When I met Prabal Gurung for a walk-through of his Atelier collection, hanging on a rack behind him was one of those dress-like-the-statue-you-want-to-win gowns—a strapless column in a burnished, glowing gold. You’d know it if you saw it because comedian Nikki Glaser recently wore it when she hosted the Golden Globes, which attracted 9.3 million viewers, some of them primarily there for the fashion. Fast forward a few weeks and the inauguration offered another dress-up spectacle. It would seem that despite a feeling of general unrest, the other half is not only living well, but leaning into classic occasion attire.

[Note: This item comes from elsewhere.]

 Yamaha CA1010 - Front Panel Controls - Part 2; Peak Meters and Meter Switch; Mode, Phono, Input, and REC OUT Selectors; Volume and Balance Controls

It often seems there are at least two degrees of reference when it comes to celebrity red carpet dressing, and you can see how that played out in this collection where there were dresses with petticoats, lean looks a la Joan Crawford, and ruffled dazzlers with a Ginger Rogers kind of flair. The final look, with diamanté corset lacing at the sides of the body, fell into what the designer jokingly referred to, echoing his friends’ lingo, as “sweet and slutty.” On the other end of the spectrum was look 26, a high waisted pink gown with a cape back and rhinestone ball buttons that conjured Lee Radziwill and the swans.

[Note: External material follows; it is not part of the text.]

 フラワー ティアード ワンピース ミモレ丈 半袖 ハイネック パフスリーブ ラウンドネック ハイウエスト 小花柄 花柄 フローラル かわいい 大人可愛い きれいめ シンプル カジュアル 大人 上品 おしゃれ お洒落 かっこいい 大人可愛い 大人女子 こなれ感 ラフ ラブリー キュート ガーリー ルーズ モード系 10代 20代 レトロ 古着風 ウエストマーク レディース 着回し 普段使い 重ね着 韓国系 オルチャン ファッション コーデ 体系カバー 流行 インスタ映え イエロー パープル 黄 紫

Eveningwear tends to be rather templated, with colors and fabrics changing at a greater frequency than silhouettes. Gurung, a man about town, knows his customer and, he said, she wants a princess moment, not something especially fashion forward. As such there was no narrative here, rather options for different body sizes and tastes. Although Gurung’s designs can fit diverse body shapes, he reported that thin is in: “In this Ozempic era, everybody wants to show off their body—it’s insane.”

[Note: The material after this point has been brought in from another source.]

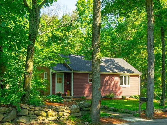 OPEN HOUSE CANCELLED DUE TO RESPONSE. Nestled in the forest on a winding New England country road, this lovely home offers a private retreat on a huge 1+ acre wooded lot. The yard, with established plantings, is wonderful for entertaining guests who can admire your property from the expansive 16x24 foot deck (new decking in 2015). Inside, the eat-in kitchen boasts ample cabinets for storage. In fact, there are oversized closets and other nooks for storage conveniently located throughout the home. Each bedroom has ITS OWN EN-SUITE FULL BATHROOM! One bedroom has brand new carpet while the other has classic hardwood. Combine this with first-floor laundry, 2015 roof, family room with wood stove on the lower level, electrical service in the shed, and you have an amazing home at an affordable price! Historic Hopedale is close to shopping and restaurants and is minutes from I-495 and the Forge Park MBTA station. Showings start immediately. Visit the Open House Sun 6/10 from 12-2pm.

Occasion dressing feels static, and the way Gurung photographed the looks made them appear to be monumental. Up close they felt more relatable, and there were some beauties. The workmanship on a caviar black beaded lampshade dress was incredible, and the polka dot numbers had a certain nostalgic charm. I asked Gurung, where do nostalgia and conservatism meet? He posited that “during uncertain times” people feel comfort in what came before. And, he added, there’s a power in femininity. Today’s woman, he noted, is dressing for herself, rather than to please a man. Let’s not forget the photo ops, though. The camera is the new magic wand.